At the same time, acknowledging that our obligations to our students extend beyond the classroom reminds us how instructor wellbeing is essential to good pedagogy. The problem of adjunctification is very much a pedagogical problem, too. How do we bear the effects of our students’ trauma and suffering? This question becomes especially fraught for contingent and graduate student instructors. It is also pressing for instructors who are BIPoC, neurodivergent, queer, trans, religious minorities, or part of other regionally, nationally, and academically marginalized groups. These instructors are often expected to take on extra emotional labor in mentoring marginalized students as they move through institutions fraught with systemic racism, ableism, homophobia, classism, and transphobia—all while navigating these same spaces themselves. In this volume, Travis Chi Wing Lau’s essay takes up some of these issues, meditating on what it means to teach disability as a disabled instructor whose pedagogical goals include helping his students advocate for themselves. Similarly, Jason S. Farr’s concept of “improvisational accessibility” shows how pedagogies of flexibility, creativity, and responsiveness can promote instructor and student wellbeing beyond institutional constraints.

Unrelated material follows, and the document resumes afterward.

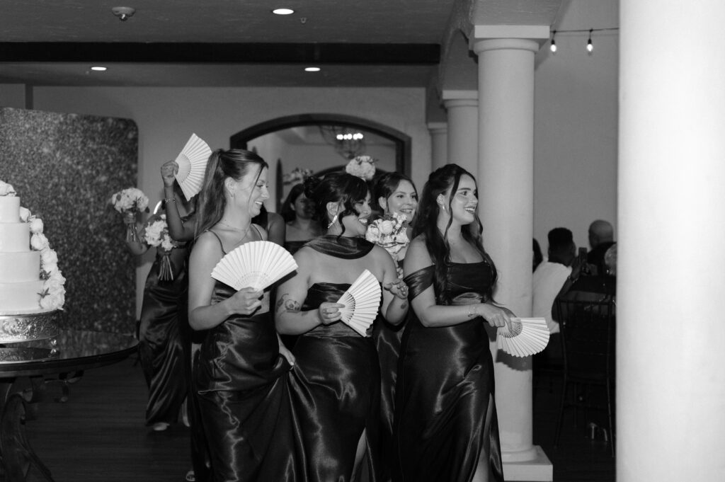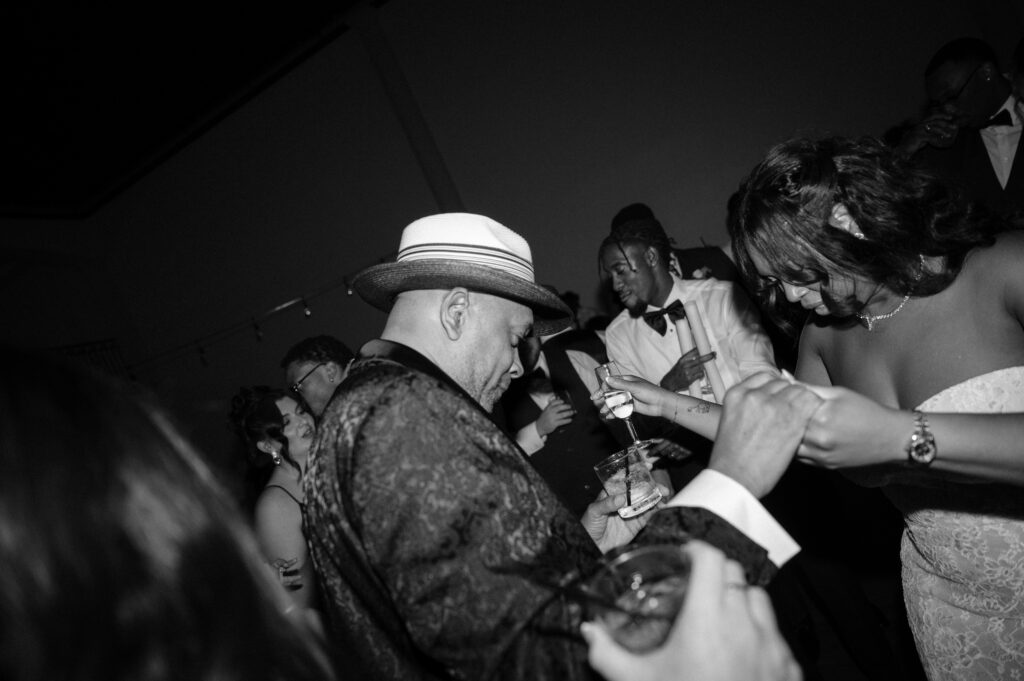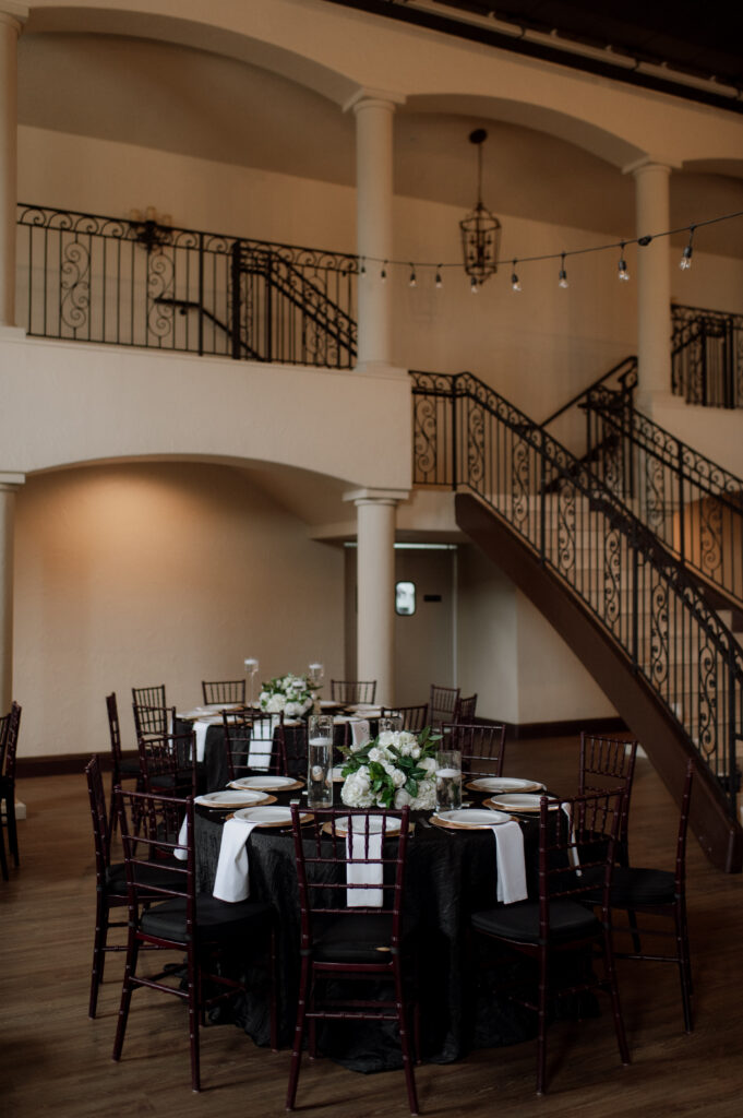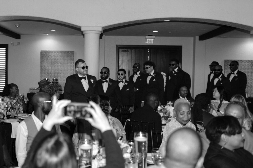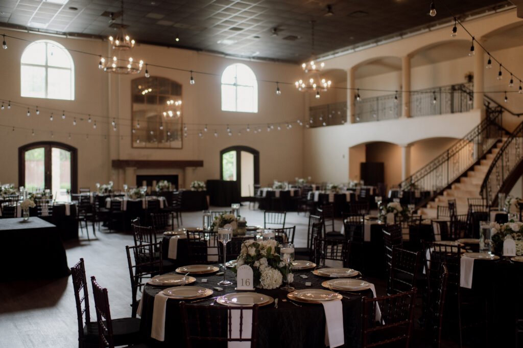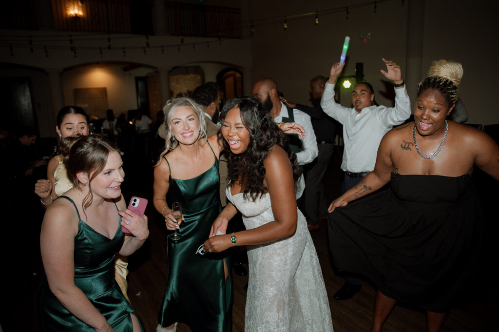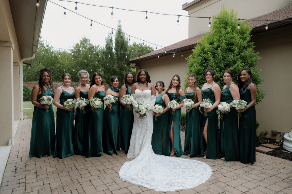 They leaned into a black, white, and green design that will never go out of style. Green bridesmaids dresses, green tuxes, black table linens, and soft white florals created that timeless look that is always beautiful. It was glamorous while being classic, and let the moments take center stage.

As the essays in this volume demonstrate, “wellbeing” is a capacious category. It touches everything that matters to our lives, and everything affects it. This Romantic Circles Pedagogies volume is inspired by the Romantic recognition that all learning, whether it happens in a “vale of Soul-making” or through “spontaneous wisdom breathed by health,” invites us to be in the world differently. It is an urgent invitation. We are currently facing a transformation of the humanities—and academia—as we’ve known them. The university looks very different than it did thirty years ago. The COVID-19 pandemic will alter it even further in ways that are difficult to predict. So too, the ways we teach and conduct research have changed, and will continue changing. In Twitter threads and articles in major news outlets, scholars are protesting the commodification of higher education, and mourning the generation of young academics who have not been able to secure tenure-track employment. There is now a much broader recognition that scholarship is not the sole province of university professors, and that public humanities work is just as vital as traditional research. The values of the humanities should remind us that publications are not more important than people—both within and beyond the academy. Thinking about the connections between Romanticism, pedagogy, and wellbeing can center the care that we must take of ourselves, our colleagues, and our students. It can also be a way to understand and assert our value as humanists. And perhaps at this time of upheaval, revisiting Romantic approaches to wellbeing can allow us to reimagine what kinds of spaces we can create in our classrooms and universities, in whatever follows this time of uncertainty.